Del resto, sono sempre gli altri che muoiono, si è portati a pensare (come nell’ultimo paradosso dadaista e duchampiano), e invece Jan Fabre ci pone davanti ad una dimensione tutta individuale, dove ognuno traspone nelle opere, ma soprattutto nel materiale utilizzato, la caducità e la fragilità della propria esistenza.

“Vincerò la mia battaglia contro il tempo, quando questo non avrà più importanza”, scriveva ancora.
Il Tempo. Quella continuità che divora la memoria, diventa il perno su cui ruotare per guardare invece alla ciclicità. E “da un’altra faccia del tempo” è anche la scritta che si staglia lungo il muro di un grande ambiente, insieme ad una suggestiva canoa assemblata con ossa umane e animali, in una visione meticolosa e ordinata di una fossa comune dalle identità perse nella privazione di una fisionomia.

Un arco narrativo aperiodico, che vede nella genesi un punto indistinto della circolarità della vita, dal quale comunque partire e ripartire, come nel Planet I-IX dove nove sfere poste in sequenza sembrano un calendario lunare in perenne fecondazione.

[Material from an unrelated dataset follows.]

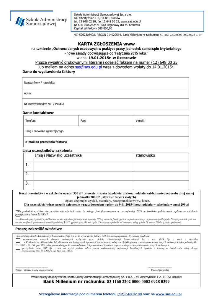 Szkoła Administracji Samorządowej Sp. z o.o. os. Albertyńskie 1-2, 31-851 Kraków tel. 12 648 02 80, fax 12 648 00 25, www.sas.edu.pl Nr KRS 0000252471, Sąd Rejonowy dla m. Krakowa Kapitał zakładowy 300 000,00 b NIP 5262308428, REGON 014929564, Bank Millenium nr rachunku: 83 1160 2202 0000 0002 0928 0399 KARTA ZGŁOSZENIA www na szkolenie „Ochrona danych osobowych w praktyce pracy jednostek samorządu terytorialnego - nowe zasady obowiązujące od 1 stycznia 2015 roku.” w dniu 19.01.2015r. w Rzeszowie Proszę wypełnić drukowanymi literami i odesłać faksem na numer (12) 648 00 25 lub mailem na adres [email protected] wraz z dowodem wpłaty do 14.01.2015r. Dane do wystawienia faktury Nazwa firmy / nazwisko: Adres: Nr identyfikacyjny NIP / PESEL: Dane kontaktowe Telefon: Fax: e-mail: Imię i nazwisko zgłaszającego e-mail do przesłania faktury: Lista uczestników szkolenia Imię i Nazwisko uczestnika stanowisko 1. 2. 3. Koszt uczestnictwa w szkoleniu wynosi 330 zł* , słownie: trzysta trzydzieści zł (koszt udziału każdej następnej osoby z tej samej jednostki 300 zł* , słownie: trzysta złotych) – opłata obejmuje: wykład, materiały, poczęstunek kawowy, lunch. Dla wszystkich którzy prześlą zgłoszenie wraz z dowodem wpłaty do 9.01.20154 koszt udziału w szkoleniu wynosi 299 zł *Dla podmiotów, które nie przedstawią oświadczenia, że usługa jest finansowana w co najmniej 70% ze środków publicznych, opłata za szkolenie powiększona jest o 23%VAT. Oświadczam, iż środki wydatkowane na ww. szkolenie pochodzą w co najmniej 70%ze środków publicznych w rozumieniu ustawy o finansach publicznych. Niniejsze oświadczenie ma na celu możliwość zastosowania stawki zwolnionej VAT zgodnie z art. 43 ust.1 pkt. 29c ustawy o podatku od towarów i usług z dnia 11 marca 2004r. z późn. zmianami. Proszę zakreślić właściwe Upoważniamy Szkołę Administracji Samorządowej Sp. z o. o. do wystawienia faktury VAT bez naszego podpisu. Wyrażamy zgodę na: przetwarzanie naszych danych osobowych wyłącznie przez Szkołę Administracji Samorządowej Sp. z o.o. (SAS Sp. z o.o.) z siedzibą w Krakowie, os. Albertyńskie 1-2, dla celów marketingowych i promocji towarów oraz usług ww. Spółki zgodnie z ustawą o ochronie danych osobowych (tekst jednolity Dz. U. z 2002 r. Nr 101, poz 926). Mam prawo dostępu do swoich danych, ich poprawiania i żądania zaprzestania przetwarzania moich danych osobowych. przesyłanie przez SAS Sp. z o.o. na wyżej podany adres poczty elektronicznej informacji handlowych zgodnie z ustawą o świadczeniu usług drogą elektroniczną (Dz. U. z 2002 r. Nr 144, poz. 1204). ……………………………………………….. Podpis i pieczęć osoby upoważnionej …………………………………… Pieczęć jednostki Wpłat należy dokonywać na konto Szkoły Administracji Samorządowej Sp. z o.o. , os. Albertyńskie 1-2, 31-851 Kraków Bank Millenium nr rachunku: 83 1160 2202 0000 0002 0928 0399 Szczegółowe informacje pod numerem telefonu (12) 648 02 80 oraz na www.sas.edu.pl ZAPRASZAMY NA SZKOLENIE: Ochrona danych osobowych w praktyce pracy jednostek samorządu terytorialnego - nowe zasady obowiązujące od 1 stycznia 2015 roku. Celem szkolenia jest przedstawienie zasad ochrony danych osobowych oraz ochrony informacji niejawnych, a także zarządzania zbiorami danych. Uzyskanie i utrwalenie wiedzy w zakresie obowiązujących regulacji prawnych, wskazanie praktycznych problemów związanych z koniecznością respektowania ochrony w związku z funkcjonowaniem instytucji. Omówienie zasad tworzenia regulaminów ochrony danych osobowych. W trakcie szkolenia omówione zostaną również nowe rozwiązania prawne dot. Administratorów Bezpieczeństwa Informacji, rejestru ABI, nowych obowiązków dla ABI, które wejdą w życie od 1.01.2015r. Nowe zasady rejestracji zbiorów danych osobowych w GIODO. Dla wszystkich którzy prześlą zgłoszenie wraz z dowodem wpłaty do 9.01.2015 koszt udziału w szkoleniu wynosi 299 zł Szkolenie jest przeznaczona dla osób bezpośrednio zajmujących się problematyką ochrony danych osobowych oraz wszystkich innych osób zainteresowanych tematyką ochrony danych osobowych. PROWADZĄCY: radca prawny, od 2011 roku członek Samorządowego Kolegium Odwoławczego. Posiada kilkuletnie doświadczenie w pomocy prawnej. Zajmuje się prawem umów, prawem własności intelektualnej oraz prawem i postępowaniem administracyjnym. Doświadczony wykładowca oraz trener z zakresu prawa i postępowania administracyjnego, prawa autorskiego, prawa reklamy, ochrony danych osobowych. 19.01.2015 – RZESZÓW - Hotel Polonia, ul. Grottgera 6, godziny 10.00 – 15.00 Nieobecność zgłoszonego uczestnika nie zwalnia od opłaty za szkolenie! PROGRAM SZKOLENIA: Ochrona danych osobowych i bezpieczeństwo informacji: 1. Wprowadzenie do tematyki ochrony danych osobowych. Przedstawienie aktualnych przepisów prawa regulujących tematykę ochrony danych osobowych. Ustawa o ochronie danych osobowych i inne ustawy, akty wykonawcze oraz przepisy „branżowe” dotyczące tej tematyki. 2. Omówienie regulacji unijnych dotyczących ochrony danych osobowych. 3. Podmioty wskazane w ustawie, jako objęte jej wymogami: Administrator Danych Osobowych, Administrator Bezpieczeństwa Informacji, Generalny Inspektor Ochrony Danych Osobowych, Inspektorzy GIODO, Administrator Systemu Informatycznego, Osoba upoważniona do przetwarzania danych osobowych, „Procesor” danych osobowych, Przedstawiciel ADO, Odbiorca danych osobowych. 4. Dane osobowe - przedmiot regulacji, podział danych na zwykłe i tzw. dane „wrażliwe”. Zgoda na przetwarzanie danych osobowych. Obowiązek informacyjny. 5. Zbiory danych i obowiązek ich rejestracji. Procedury. 6. Zabezpieczenia fizyczne, organizacyjne i informatyczne danych osobowych. Obszar przetwarzania. 7. Polityka haseł i kluczy. Zarządzanie systemem informatycznym. Sposób, miejsce i okres przech

E cosa sono quelle forme di ossa se non l’allusione che ogni corpo abitato temporaneamente null’altro è che un vestito del quale ci si disfa in un tempo relativamente breve?
O ancora, The Catacombs of the Dead Street Dogs. Una stanza che sembra contenere i resti di un party, e invece ne trattiene le tracce, svuotate inesorabilmente della vita in una scena rovinosa dove gli scheletri dei cani randagi riportano alla mente Il Natale dei rimasti di Angelo Morbelli (un quadro divisionista altrettanto potente dove i rimasti, appunto, sono degli uomini che della vita non sentono neanche più la percezione fisiologica e i corpi altro non sono che degli involucri in attesa del trapasso).

E poi, sconnessi dalla successione di questo racconto, teschi blu assemblati a scheletri di uccelli, scoiattoli e ratti; cumuli di ossa in vetro sormontati da piccole sculture di organi sessuali; un ciucciotto dal sapore sarcasticamente dadaista; e una sala con un intestino sospeso e le sculture di un altro teschio e una tartaruga circondate da piccole sfere trasparenti e blu, in un’opera ambiente tutta da attraversare e da vivere.

Per ultimo (e per primo), la metamorfosi di uno scarabeo verde occupa il centro di quel chiostro in pietra d’Istria, mentre il tipico esemplare faunistico veneziano spadroneggia sulle travi che corrono tutt’attorno. Usciamo da un luogo che sembra essersi trasformato in ossa, anche lui.
Usciamo nuovi, da una mostra altissima che, parafrasando lo stesso Jan Fabre, rischia di sfuggire alla coscienza umana per l’incredulità.

 


Grazie al team di sorveglianza dell’esposizione e alla preziosissima Cecilia Foresi, per le lunghe conversazioni su Fabre e non solo.
La mostra è curata da Giacinto di Pietrantonio, Katerina Koskina, Dimitri Ozerkov, promossa da GAMeC-Bergamo e visitabile gratuitamente fino al 26 novembre prossimo.

Consigli di lettura.

Giornale notturno I (1978-1984) e Giornale notturno II (1985-1991), Jan Fabre, Edizioni Cronopio, 2013.

Vista con granello di sabbia, Wisława Szymborska, Adelphi 2009

Solo bagaglio a mano, di Gabriele Romagnoli, Feltrinelli, 2015.